The CMO’s Vision: A Conversation with Kirsten Suarez
Marketing Dive recently sat down with Kirsten Suarez to discuss the evolution of the brand and the philosophy behind its aggressive, often satirical, marketing stance.
Building a Distinctive Identity
When Suarez arrived at Zevia in 2023, she recognized a brand with strong product-market fit but a weak brand "engine."
"Zevia had a pretty good product-market fit, but it was not a developed brand," Suarez noted. "The focus has been on getting to a brand strategy, getting a team in place, and building the marketing ecosystem. We have the most simple ingredient statement in the category, and we don’t use anything artificial. That’s the truth we’re leaning into."
The AI-as-Artificial Strategy
Zevia’s marketing has become famous for its biting commentary on AI. When asked about this, Suarez clarified that the focus isn’t on the technology itself, but on what it represents in the modern age.
"It’s less of a commentary on AI itself, and more of a commentary on ‘artificial,’" Suarez explained. "Soda is a category where culture matters. We’re asking: what are the conversations that people are having where we can intersect? It gives us an opportunity to simply say, ‘This is what Zevia is about.’"
The "Challenger" Mindset
Regarding the brand’s habit of taking shots at legacy competitors, Suarez emphasizes that the strategy is one of intentionality. "Don’t do it just to do it," she advised her team. "The enemy in our work is the idea of the ‘fake.’ We act as a challenger to the industry because we think people are going to agree with us. We’re not interested in industry talk; we’re interested in what people actually care about."
The Cardi B Factor: Beyond the "Celebrity Endorsement"
The partnership with Cardi B is arguably the most significant move in the company’s history. Unlike traditional celebrity deals, which are often transactional and short-lived, Zevia has entered into a two-year, equity-based agreement.
"We wanted someone who was willing to do a less traditional deal," said Suarez. "She has equity, so we are both incentivized to grow the brand together."

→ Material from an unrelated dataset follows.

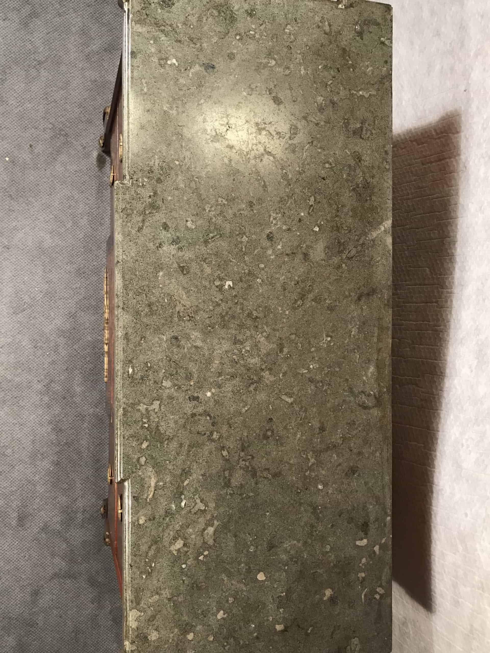 The walnut, beechwood, elmwood, and mahogany marquetry beautifully complement the smoky gray-green Kolmarden marble top.

This alignment of interests is expected to pay dividends as the company integrates the star into retail displays, commercials, and future product innovations. By choosing a partner known for her unfiltered, authentic public persona, Zevia is reinforcing its core brand pillar: that in a world of synthetic, AI-generated content, there is still a massive market for the "radically real."

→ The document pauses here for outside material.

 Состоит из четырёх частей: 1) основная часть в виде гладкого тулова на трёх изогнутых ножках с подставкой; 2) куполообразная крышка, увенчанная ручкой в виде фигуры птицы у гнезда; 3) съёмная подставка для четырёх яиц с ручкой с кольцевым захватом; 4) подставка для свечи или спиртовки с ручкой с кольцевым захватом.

Implications for the Beverage Industry
Zevia’s success provides a blueprint for other "challenger brands" attempting to disrupt stagnant categories. The implications of their strategy are threefold:
- The "Culture-First" Pivot: In an age of ad-blockers and algorithmic fatigue, traditional media buys are becoming less effective. Brands must instead find ways to insert themselves into cultural conversations—even if that means being provocative or confrontational.

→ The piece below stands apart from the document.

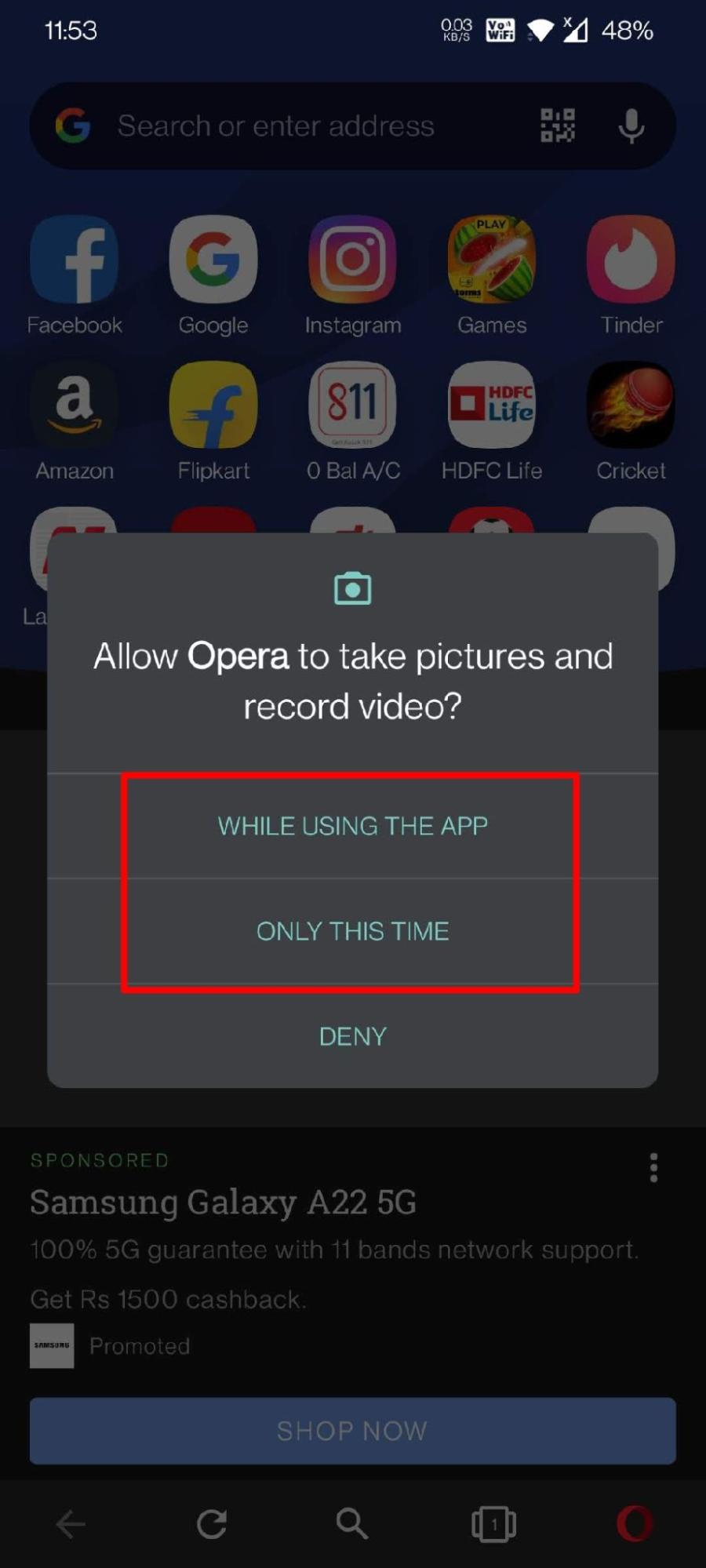 它将要求相机允许扫描代码。 - 允许 Opera访问相机权限。

- The Value of Equity Partnerships: By turning brand ambassadors into shareholders, companies can ensure that the "face" of the brand is truly invested in the product’s long-term health, rather than just cashing a paycheck for a single commercial.
- Leaner, Faster Marketing Teams: Suarez’s philosophy—that being smaller is a strength—is a direct indictment of the bloated approval processes common in larger CPG firms. By giving the creative team "license" to experiment and fail, Zevia has managed to keep its brand voice agile and current.
As Zevia looks toward the second half of 2026, the challenge will be scaling this success without losing the "scrappy" identity that defined its early growth. With new flavors, updated packaging, and a massive, culturally relevant campaign on the horizon, Zevia is poised to prove that the soda wars are far from over—and that, in the battle between the synthetic and the real, the consumer might just be ready for a change of pace.